Mark McCormick (2015), writes that 80 percent of ocean rubbish monster is fed refuse from land-based activities in North America and Asia the rest of the 20 percent accumulates from boats, offshore oil rigs, and large cargo ships. Wildlife, that use these waters as a feeding ground suffer from the contaminated ocean. In a video trailer, Midway: Message from the Gyre “albatrosses mistake plastic pellets for fish eggs and feed them to chicks” who eventually die from nutritional deprivation or even sharp edges in plastic scraps that puncture the birds organs (Mark McCormick 2015).
Sea turtles are also targeted by the disguised serial killers, when “plastic bags” (Mark McCormick 2015) are thought to be “jellyfish” (Mark McCormick 2015). Many marine animals fall trap to abandoned fishing gear that strangle and suffocate them or barricade them from any movement, where they end up at death’s door. “at least 136,000 seals, sea lions and large whales being killed each year” (Mark McCormick 2015). Plankton and algae, “ecological sponges for carbon” (Mark McCormick 2015) is a food source for vast amounts of sea creatures, and this is compromised when plastic mass act as an umbrella and delay any sunlight from entering the surface.

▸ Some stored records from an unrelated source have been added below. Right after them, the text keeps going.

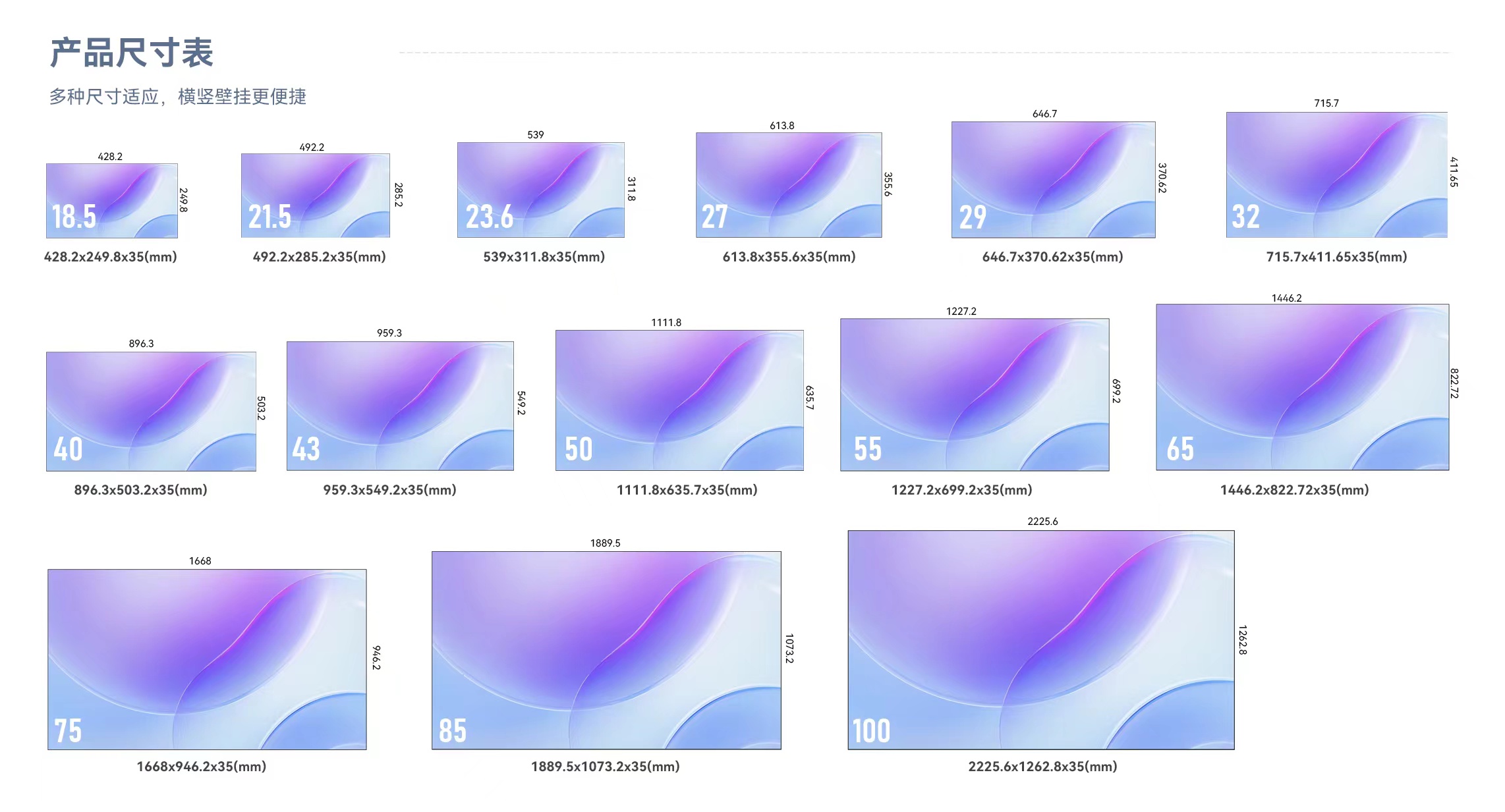 | ຂະຫນາດຫນ້າຈໍ LCD | 21.5 / 32 "/ 43" / 50 "/ 55" / 55 "/ 65" ທາງເລືອກ |
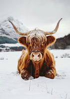 Een schattige hooglandkoe met lange horens en een prachtige vacht ligt in de sneeuw en kijkt je nieuwsgierig aan, van haar kop tot haar voeten. Voor haar ligt een eindeloos wit veld bedekt met zware sneeuw. De bergen in de verte verbergen haar helemaal.
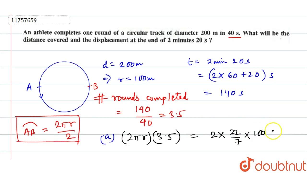 An Athlete Complete One Round Of A Circular Track Of Diameter 200 M In 40 S What Will Be Th Youtube

We, the people, dump man-made waste into beautiful waters that do not belong there. Like a cancer injected into the purest of souls. Oceans, just as any animal that recognizes it as its home has the right to life; water, the sun and the stars. It is essential. Humans are crude to think that they can live in this world alone, without trees oceans and life of all forms. There can neither be civilization or any form of truly living if we obliterate and bankrupt this Earth of everything she was made to provide for. People are reaching the finish line, the race is almost over and all there is left to do is live a terrible future.
Jacob Silverman. 2015. Why is the world’s biggest landfill in the Pacific Ocean?. [ONLINE] Available at:http://science.howstuffworks.com/environmental/earth/oceanography/great-pacific-garbage-patch2.htm. [Accessed 20 April 2016].
Mark McCormick . 2015. How the Great Pacific Garbage Patch is Destroying the Oceans and the Future for Marine Life. [O] Available at:http://www.onegreenplanet.org/environment/great-pacific-garbage-patch-is-destroying-the-oceans/. [Accessed 19 April 2016].
[n.a]. 2014. What is the Great Pacific Garbage Patch?. [O] Available at:http://oceanservice.noaa.gov/facts/garbagepatch.html. [Accessed 19 April 2016].
Nixon, R. 2011. Slow violence and the environmentalism of the poor. Cambridge: Harvard University Press.